We sequenced these annotation libraries in paired-end configuration with 250 bp read length on two lanes of an Illumina HiSeq 2500 instrument. At this read length, both of the paired reads covered the barcode and the associated oligo entirely. This configuration aided in distinguishing sequencing errors, which are present on only one of the paired reads, from synthesis and PCR errors in the sequenced molecule and are therefore present in both paired reads. Paired reads were merged using PEAR (Zhang et al., 2014) using parameters -v 75 m 250 j 8 -y 2G -c 40 -b 64. Between 75 and 85% of read pairs were merged successfully.
We retained merged reads that contained two invariant sequences expected to be present in well-formed sequencing reads: in between the oligo and the barcode (TSS: CCTGCAGGGGTTTAGCCGGCGTG; Upstream: CCTGCAGGGTTCCGCAGCCACAC; these correspond to the AscI, p2, and SbfI sequences; Figure 1—figure supplement 3, Supplementary file 5) and upstream of the oligo (GGCCGTAATGGCC in both libraries; corresponding to the SfiI-A site included in the synthetic oligo sequences; Figure 1—figure supplement 3, Supplementary file 5).

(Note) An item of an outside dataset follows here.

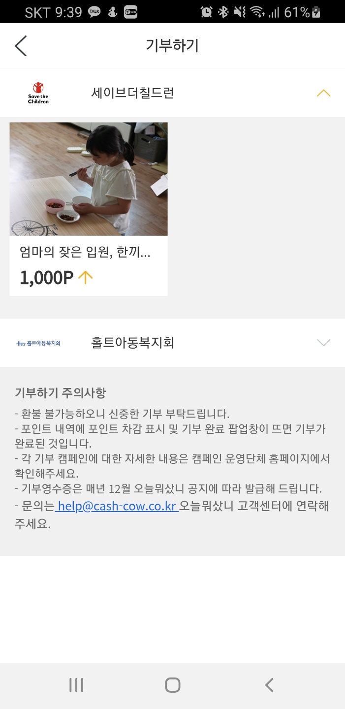 정말 고민되는 어플입니다. 제휴 매장도 많지 않은데 또 소멸하려고 준비된 포인트가 있습니다. 아무래도 오래전에 만들고 내버려 두었던 어플인데 이제 다시 시작하려니 포인트의 유효기간이 매달 앞당겨 있습니다. 그래서 얼마 모으지도 못한 포인트가 계속 매달 사라지는 것이 아까워서 1,000포인트지만 기부를 하도록 하였습니다.

These invariant sequences were used to locate the positions of the barcode and oligo in each read. This filter retained ~ 170 million reads in the TSS library and ~125 million reads in the Upstream library, representing 24 million (TSS) and 46 million (Upstream) unique barcodes. Most of these unique barcodes were rare (Figure 1—figure supplement 4), as indicated by median read counts per barcode of two (TSS) and one (Upstream). We did not group barcodes with similar sequences at this stage.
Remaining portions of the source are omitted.